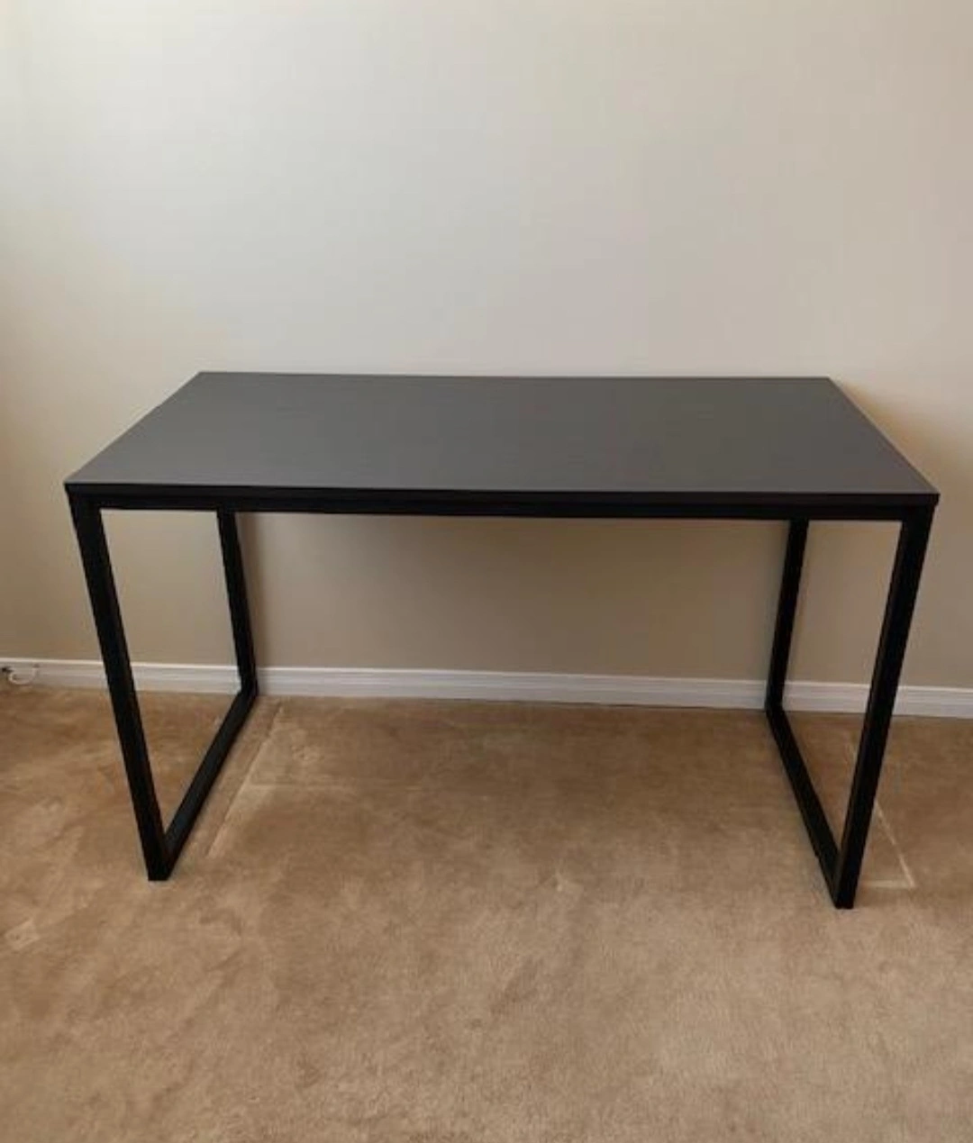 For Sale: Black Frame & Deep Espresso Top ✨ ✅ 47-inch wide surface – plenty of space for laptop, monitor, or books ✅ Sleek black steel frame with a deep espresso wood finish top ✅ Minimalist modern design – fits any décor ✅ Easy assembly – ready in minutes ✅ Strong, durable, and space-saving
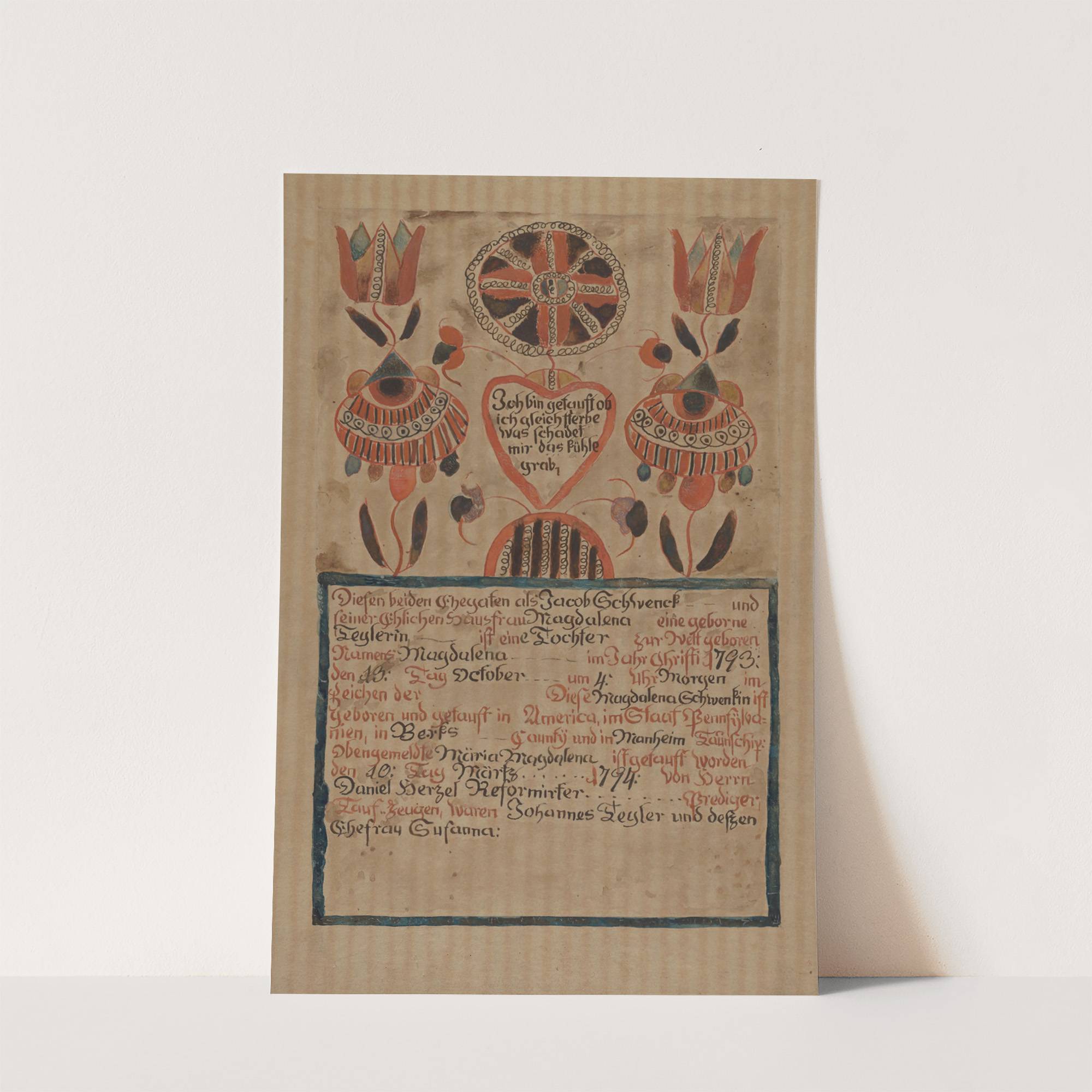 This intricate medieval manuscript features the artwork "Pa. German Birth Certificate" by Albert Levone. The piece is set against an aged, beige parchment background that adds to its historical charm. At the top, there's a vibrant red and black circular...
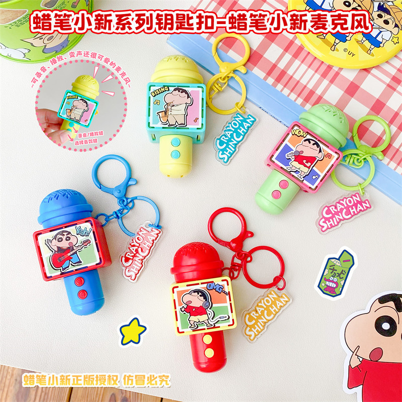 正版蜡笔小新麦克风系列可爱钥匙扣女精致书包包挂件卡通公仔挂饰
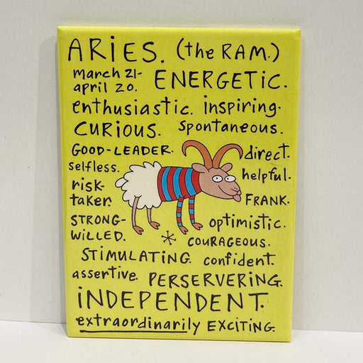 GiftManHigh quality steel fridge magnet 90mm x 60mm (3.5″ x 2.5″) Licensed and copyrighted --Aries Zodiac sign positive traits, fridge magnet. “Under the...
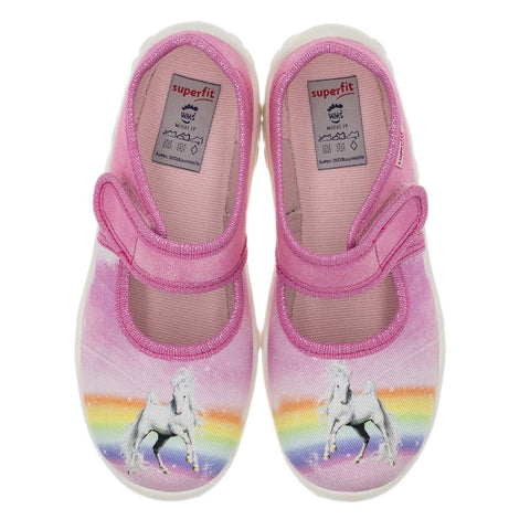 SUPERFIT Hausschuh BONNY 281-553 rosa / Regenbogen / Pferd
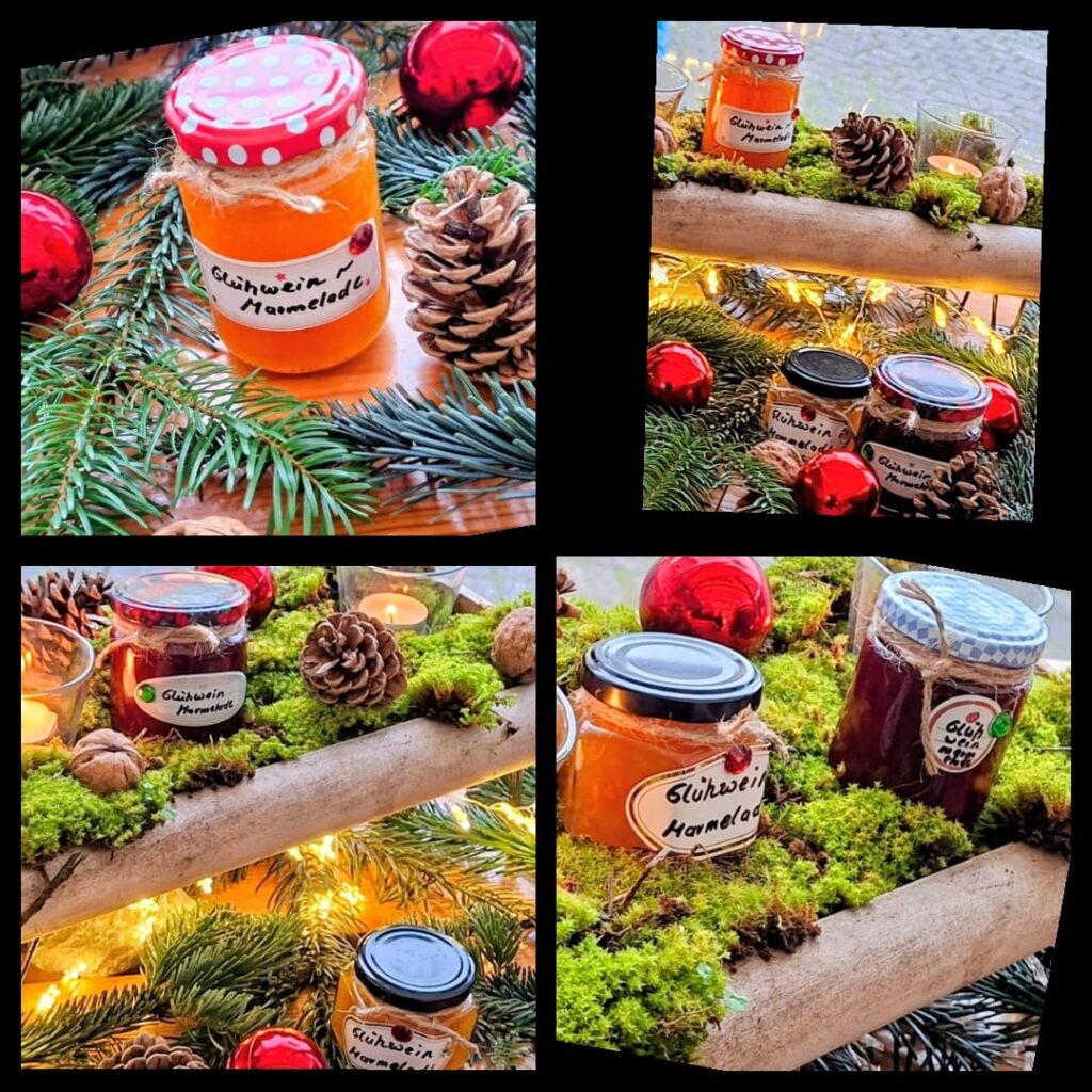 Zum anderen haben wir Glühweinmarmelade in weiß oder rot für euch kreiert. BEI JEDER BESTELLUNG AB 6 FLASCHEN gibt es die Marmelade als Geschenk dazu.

══════════════════════════════

What to do: Leave the pictures out and restate exactly the lines from the one that has "This intricate medieval" through the final line of the entries above, both ends included.

Written response:
 This intricate medieval manuscript features the artwork "Pa. German Birth Certificate" by Albert Levone. The piece is set against an aged, beige parchment background that adds to its historical charm. At the top, there's a vibrant red and black circular...
 正版蜡笔小新麦克风系列可爱钥匙扣女精致书包包挂件卡通公仔挂饰
 GiftManHigh quality steel fridge magnet 90mm x 60mm (3.5″ x 2.5″) Licensed and copyrighted --Aries Zodiac sign positive traits, fridge magnet. “Under the...
 SUPERFIT Hausschuh BONNY 281-553 rosa / Regenbogen / Pferd
 Zum anderen haben wir Glühweinmarmelade in weiß oder rot für euch kreiert. BEI JEDER BESTELLUNG AB 6 FLASCHEN gibt es die Marmelade als Geschenk dazu.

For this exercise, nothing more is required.